Embedding within the page itself (in-line CSS) is a poor choice, because using an external css file allows the browser to take advantage of caching, and in addition, you only need to write it out once site-wide, versus for every page.


----------



## Commiecomrade (Nov 24, 2010)

I have the basic architecture of the site up.

Here's the main page link: http://rnproductions.byethost31.com/main.html

Here's my code for the main page:

```
<html>
<body style="background-color:black">
<p>
<h1 style="font-family:arial;color:white">Welcome to Runic North Productions.</h1>
<a href="casting.html">Casting</a> <br>
<a href="locations.html">Locations</a> <br>
<a href="script.html">Script</a> <br>
<a href="props.html">List of Props</a> <br>
<a href="forum.html">Forum</a> <br>
</p>
<p>Contact: rnproductions@gmail.com</p>
</body>
</html>
```
I'm still stumped as to how one would format the thing, with borders and title pictures, and such.

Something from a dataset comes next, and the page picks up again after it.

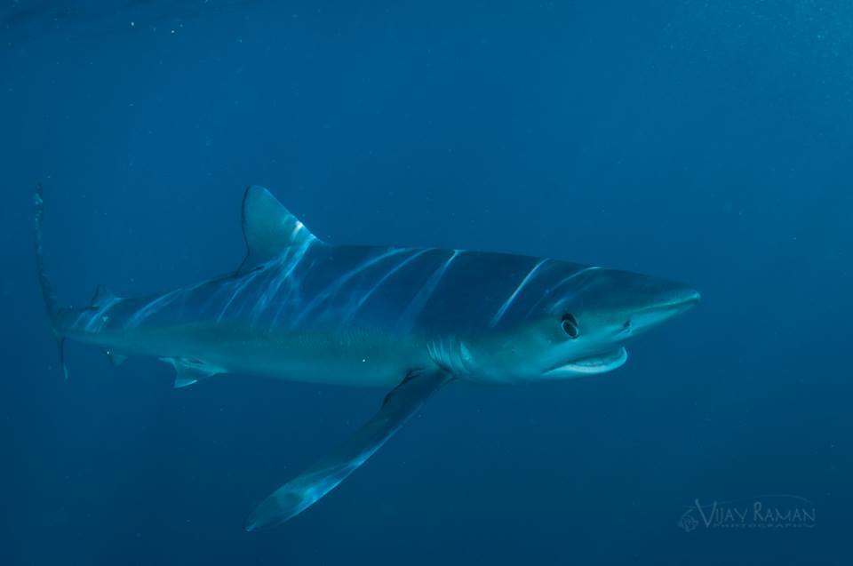 A blue shark in open water. Photo: Vijay Raman, Nikon D90

If I knew how to place text in boxes in places, and align pictures correctly, then I'd be set, I think.


----------



## Leafblower29 (Nov 24, 2010)

I'm not saying you shouldn't make a website but it's just one of those things you shouldn't do if you don't know how.

But if you want a good program to help I'd reccomend DreamWeaver. If you don't want to pay for it (because you don't steal right?) then use KompoZer which is free and open source.


----------



## Commiecomrade (Nov 26, 2010)

Well, the site is pretty much up for now. (http://rnproductions.byethost31.com/Front.html) I have to create a forum for it, though.

I'm going to use phpBB for the forum. Now, will I have to get a whole new domain, or can phpBB run in a part of the site itself?

EDIT: Nevermind, the forums are up!

Thanks to all who helped me out; to be cliched, I couldn't have done it without you.


----------



## jayhusky (Dec 7, 2010)

I can't remember the exact timeframe for NecroPosting on a thread so forgive me on this.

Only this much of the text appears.